### WHAT TO PRODUCE
Transcribe the records below in their entirety, and leave out each image.

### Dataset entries
-=-=-

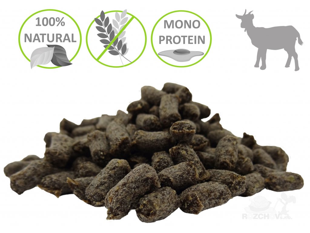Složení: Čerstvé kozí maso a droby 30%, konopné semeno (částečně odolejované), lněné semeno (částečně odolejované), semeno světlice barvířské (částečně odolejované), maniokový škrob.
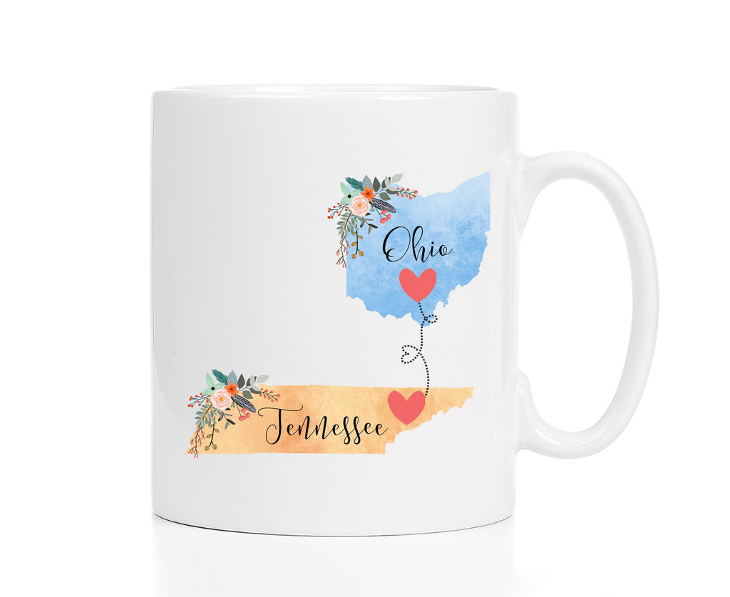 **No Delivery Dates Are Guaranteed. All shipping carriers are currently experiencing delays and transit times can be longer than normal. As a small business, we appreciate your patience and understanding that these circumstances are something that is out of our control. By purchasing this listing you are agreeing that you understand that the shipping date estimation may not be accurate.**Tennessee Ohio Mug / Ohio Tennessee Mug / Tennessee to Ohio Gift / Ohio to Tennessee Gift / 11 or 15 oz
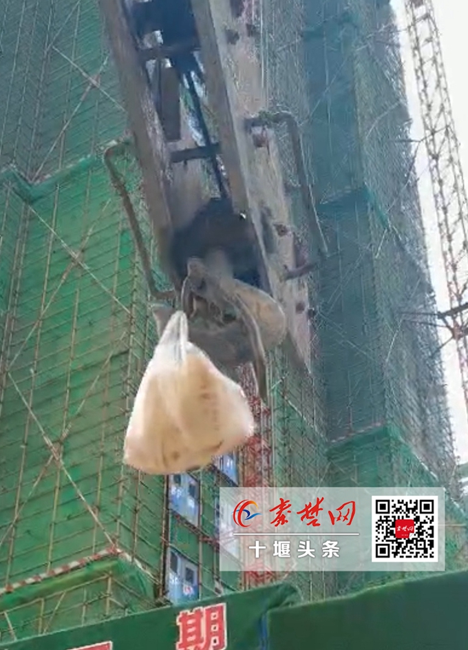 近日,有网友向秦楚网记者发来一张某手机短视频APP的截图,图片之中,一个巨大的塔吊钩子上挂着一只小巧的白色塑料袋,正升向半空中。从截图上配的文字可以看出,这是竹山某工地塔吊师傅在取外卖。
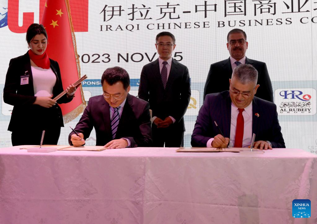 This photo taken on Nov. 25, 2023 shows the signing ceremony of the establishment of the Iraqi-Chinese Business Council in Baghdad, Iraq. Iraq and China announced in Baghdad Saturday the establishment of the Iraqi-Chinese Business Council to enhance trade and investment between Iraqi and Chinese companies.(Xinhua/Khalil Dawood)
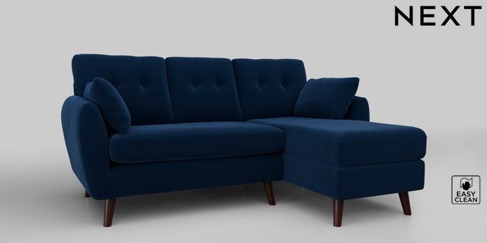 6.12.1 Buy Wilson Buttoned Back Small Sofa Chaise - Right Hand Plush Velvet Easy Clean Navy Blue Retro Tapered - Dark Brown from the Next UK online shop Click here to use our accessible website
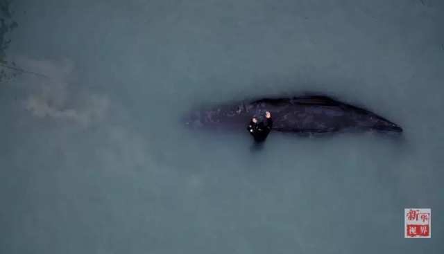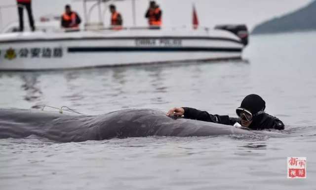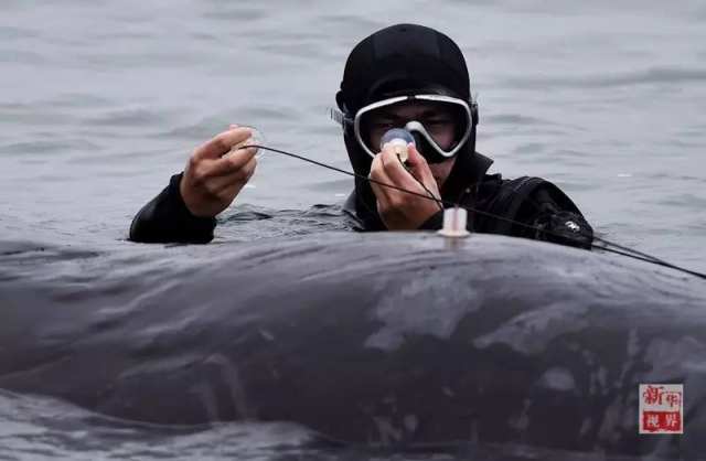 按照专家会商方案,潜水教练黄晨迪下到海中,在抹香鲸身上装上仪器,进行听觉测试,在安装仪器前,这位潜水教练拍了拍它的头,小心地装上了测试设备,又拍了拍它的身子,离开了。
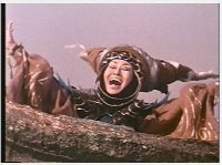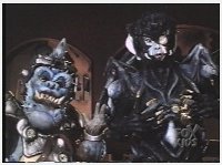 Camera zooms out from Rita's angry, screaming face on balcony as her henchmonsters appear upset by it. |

-=-=-

### RESULT OF THE EXERCISE
Složení: Čerstvé kozí maso a droby 30%, konopné semeno (částečně odolejované), lněné semeno (částečně odolejované), semeno světlice barvířské (částečně odolejované), maniokový škrob.
 **No Delivery Dates Are Guaranteed. All shipping carriers are currently experiencing delays and transit times can be longer than normal. As a small business, we appreciate your patience and understanding that these circumstances are something that is out of our control. By purchasing this listing you are agreeing that you understand that the shipping date estimation may not be accurate.**Tennessee Ohio Mug / Ohio Tennessee Mug / Tennessee to Ohio Gift / Ohio to Tennessee Gift / 11 or 15 oz
 近日,有网友向秦楚网记者发来一张某手机短视频APP的截图,图片之中,一个巨大的塔吊钩子上挂着一只小巧的白色塑料袋,正升向半空中。从截图上配的文字可以看出,这是竹山某工地塔吊师傅在取外卖。
 This photo taken on Nov. 25, 2023 shows the signing ceremony of the establishment of the Iraqi-Chinese Business Council in Baghdad, Iraq. Iraq and China announced in Baghdad Saturday the establishment of the Iraqi-Chinese Business Council to enhance trade and investment between Iraqi and Chinese companies.(Xinhua/Khalil Dawood)
 6.12.1 Buy Wilson Buttoned Back Small Sofa Chaise - Right Hand Plush Velvet Easy Clean Navy Blue Retro Tapered - Dark Brown from the Next UK online shop Click here to use our accessible website
 按照专家会商方案,潜水教练黄晨迪下到海中,在抹香鲸身上装上仪器,进行听觉测试,在安装仪器前,这位潜水教练拍了拍它的头,小心地装上了测试设备,又拍了拍它的身子,离开了。
 Camera zooms out from Rita's angry, screaming face on balcony as her henchmonsters appear upset by it. |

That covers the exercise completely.